Items from a dataset
____________

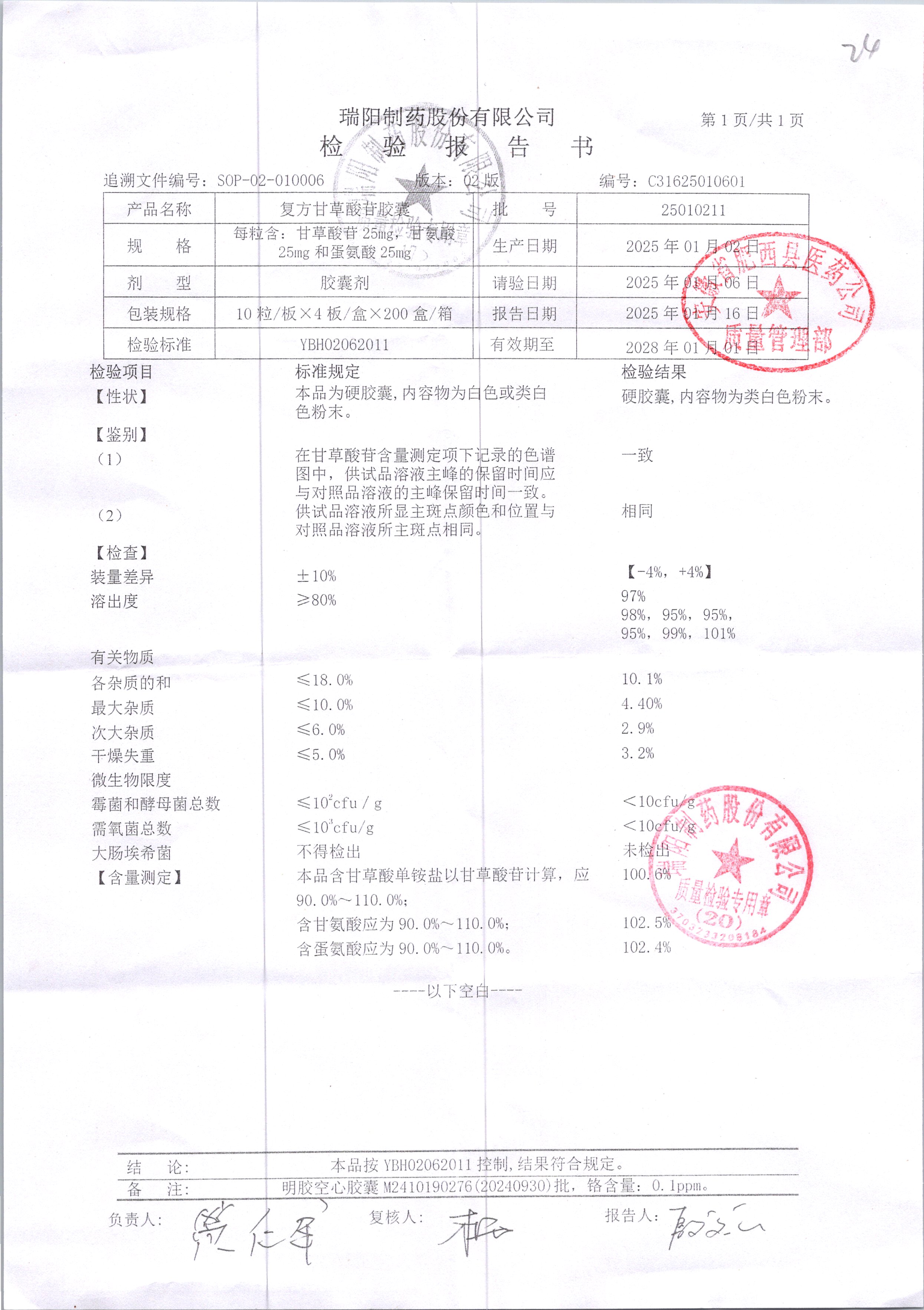 | 复方甘草酸苷胶囊 | 25mg*24s | 25010211 | 查看详情 |
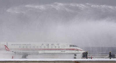 昨日下午2時30分,上航一架客機(jī)在浦東機(jī)場第三跑道著陸時突然“著火”,不到半小時融合,大火被撲滅。這是在該機(jī)場舉行的航空應(yīng)急救援演練中的一幕。上海機(jī)場集團(tuán)表示,無論發(fā)生何種緊急狀況,險情都將在半小時內(nèi)被控制。
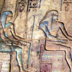 En la mano derecha lleva el anj y en la izquierda sostiene su cetro.
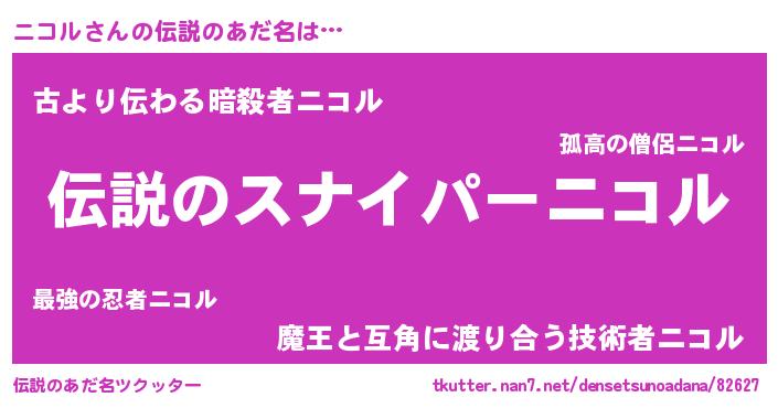 | 胡散臭い通販商品みたいなあだ名 | 『必ず成功する霊験あらたかなお札…その名も「ニコル」』 |
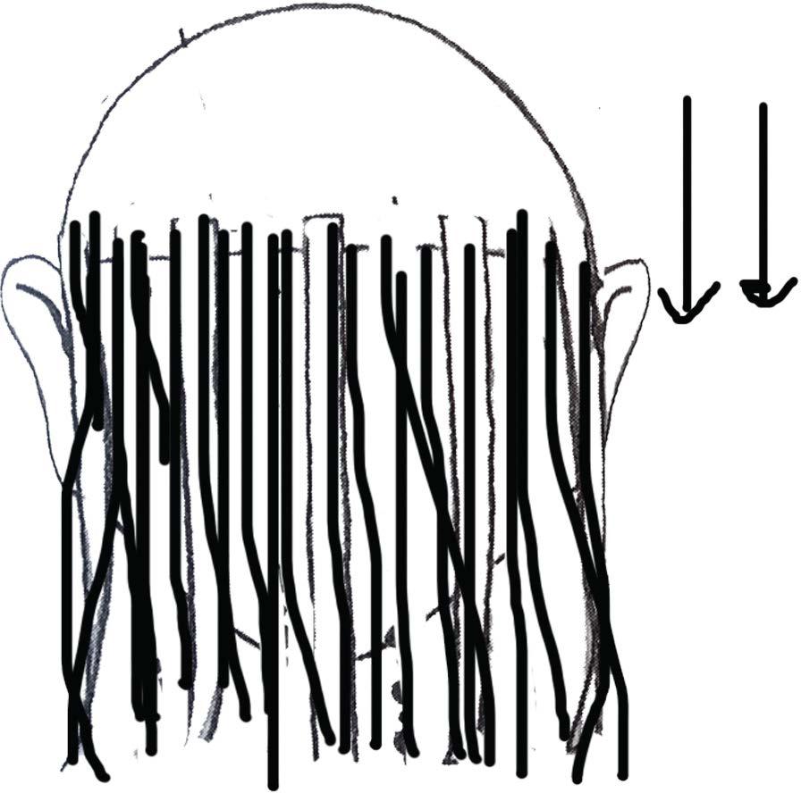 For long hair, which is tied up like in 'Birth Dance', (image on the left) glue long strips of mohair with either PVA or hot glue gun or super glue, hanging downwards over the face, and go all the way around the head. Then gather up the hair and tie it up.

____________

Set down every record once more, word for word, without pictures.

 | 复方甘草酸苷胶囊 | 25mg*24s | 25010211 | 查看详情 |
 昨日下午2時30分,上航一架客機(jī)在浦東機(jī)場第三跑道著陸時突然“著火”,不到半小時融合,大火被撲滅。這是在該機(jī)場舉行的航空應(yīng)急救援演練中的一幕。上海機(jī)場集團(tuán)表示,無論發(fā)生何種緊急狀況,險情都將在半小時內(nèi)被控制。
 En la mano derecha lleva el anj y en la izquierda sostiene su cetro.
 | 胡散臭い通販商品みたいなあだ名 | 『必ず成功する霊験あらたかなお札…その名も「ニコル」』 |
 For long hair, which is tied up like in 'Birth Dance', (image on the left) glue long strips of mohair with either PVA or hot glue gun or super glue, hanging downwards over the face, and go all the way around the head. Then gather up the hair and tie it up.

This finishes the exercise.